From the 1920s on one can locate a fascinating, global convergence of avant-garde anthropology and experimental cinemas. In Latin America, this has often resulted in the manufacturing of social utopias and calls for radical figurations of the New Man, often by blurring nationalist and cosmopolitan fantasies dreamt up between Old and New Worlds.  Chilean exile film artist and theorist Raúl Ruiz belongs uneasily and dissonantly to this tradition. The program examines this discordance by screening some of Ruiz' little known short and small gauge films alongside the anthropological meditations of two of his contemporaries, Anna Maria Maiolino and Arthur Omar.
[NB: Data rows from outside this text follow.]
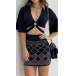 Fashion Two-piece Set Consist of V-neck Crop Top and Rhinestone Skirt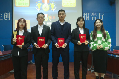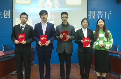 太阳成集团tyc9728第四届“思理杯”新生辩论会决赛冠军——无言以队 颁奖 蒋丽莹摄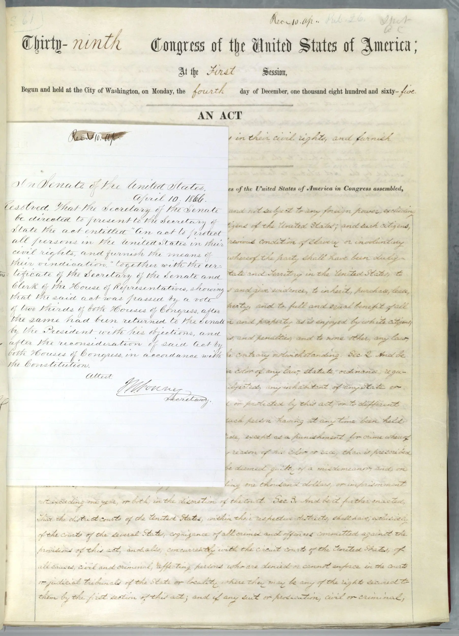 Be it enacted by the Senate and House of Representatives of the United States of America in Congress assembled, That [end typeset] [remainder of document handwritten] all persons in the United States and not subject to any foreign power, excluding Indians not taxed, are hereby declared to be citizens of the United States; and such citizens, of every race and color, without regard to any previous condition of slavery or involuntary servitude, except as a punishment for crime whereof the party shall have been duly convicted, shall have the same right, in every State and Territory in the United States, to make and enforce contracts, to sue, be parties and give evidence, to inherit, purchase, lease, sell, hold, and convey real and personal property, and to full and equal benefit of all laws and proceedings for the security of person and property as is enjoyed by white citizens; and shall be subject to like punishment, pains, and penalties, and to none others any law, statute, ordinance, regulation, or custom, to the contrary notwithstanding.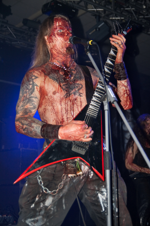 Gegen Ende gab es dann noch eine kleine Strip-Show einer jungen Frau, die sich ebenfalls mit Blut beschmiert hatte. Viel Sinn machte diese Aktion nicht, aber hey! Seit wann macht Death Metal Sinn?

The viewer is thus invited to experience and experiment with what Ruiz calls "trembling images."  

Opening the program is Brazilian Anna Maria Maiolino’s In-Out (Antropofagia), in which an insatiable mouth opens and closes repetitively, as it ingurgitates unidentifiable matter. Ruiz’s Le Don/ The Gift and The Film to Come search for an enigma by blending medieval philosophy, machine thinking, and modernist anthropology.  While the former explores the gift economy between cinema and its multiple doubles, the latter is a mystical short that has a narrator telling us about a "strange philanthropical secret society" that has been in existence for seven years at a certain building. Its members, Philokinetes, devote their energy and money to studying and promoting a fragment of film they call 'The Film to Come'. Shot in super 8mm, The Return of The Library Lover is a cinematic gem: a Borges-like hallucinatory promenade of a ghostly narrator erring in Santiago's urban landscape.  Concluding the program is O livro do Raoul, Brazilian essay-filmmaker and photographer Arthur Omar's moving travelogue and film tribute to his friend Raúl Ruiz.